**What you need to do**
The copy you return must begin at the line containing "カーディガン メンズ 上質" and end at the final line of the listing below, with every picture left out.

**Dataset extract**
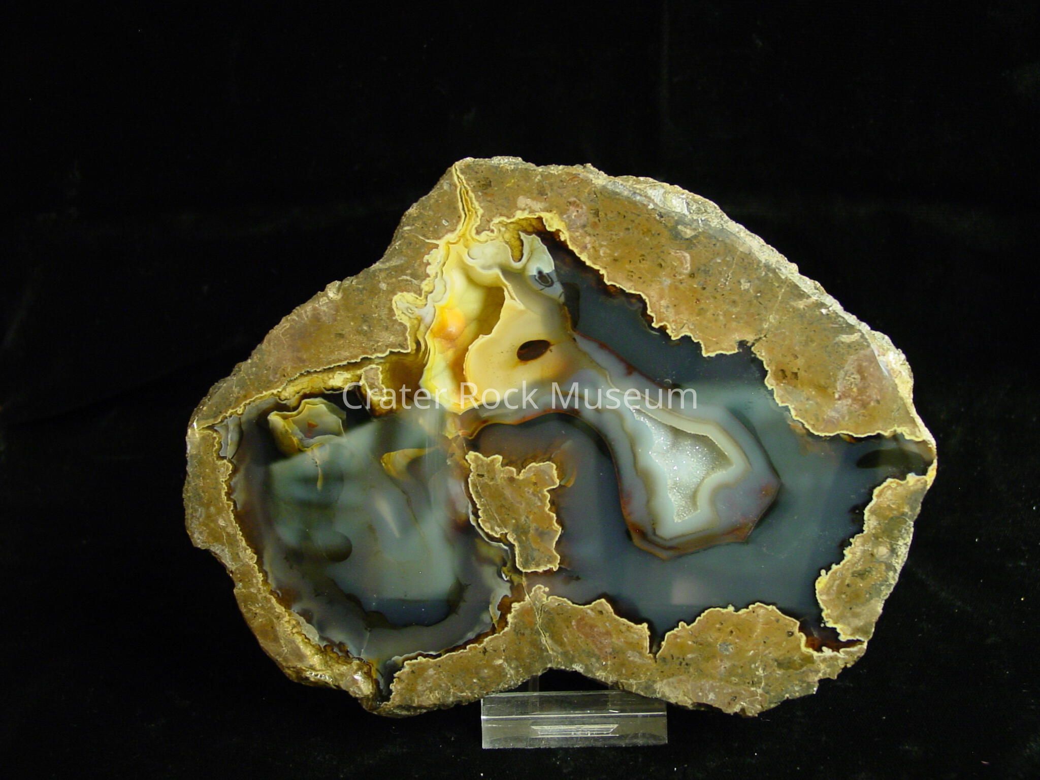 surrounded by a dark grey translucent agate. The other side is solid agate in greys to black with some yellow. There is also a small cavity lined with yellow and orange bumpy crystal.Collection
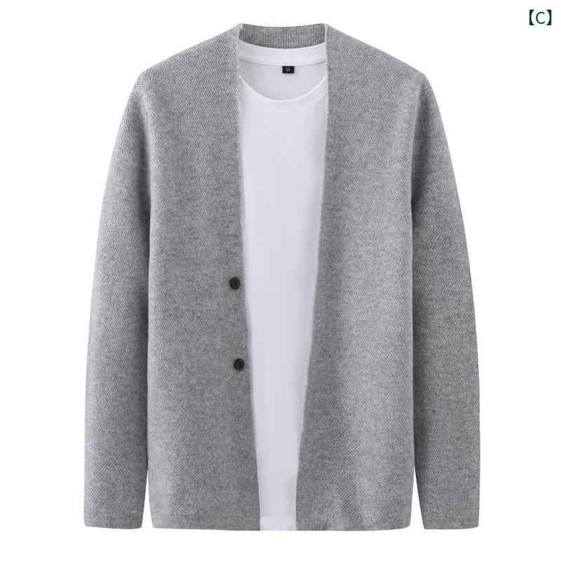 カーディガン メンズ 上質 ウール10 A:黒 B:花藍 C:浅灰 D:浅駝 E:シャンパンブラウン S M L XL XXL
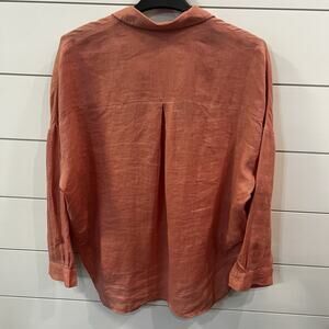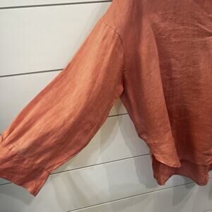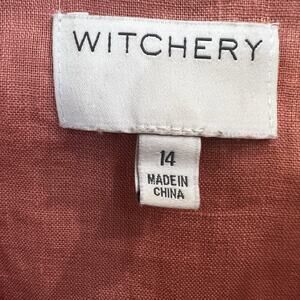 Witchery Women’s Blouse Linen Salmon Size 14 Flowy V Neck Roll Tab 3/4 Sleeves

**Result of the task**
 カーディガン メンズ 上質 ウール10 A:黒 B:花藍 C:浅灰 D:浅駝 E:シャンパンブラウン S M L XL XXL
 Witchery Women’s Blouse Linen Salmon Size 14 Flowy V Neck Roll Tab 3/4 Sleeves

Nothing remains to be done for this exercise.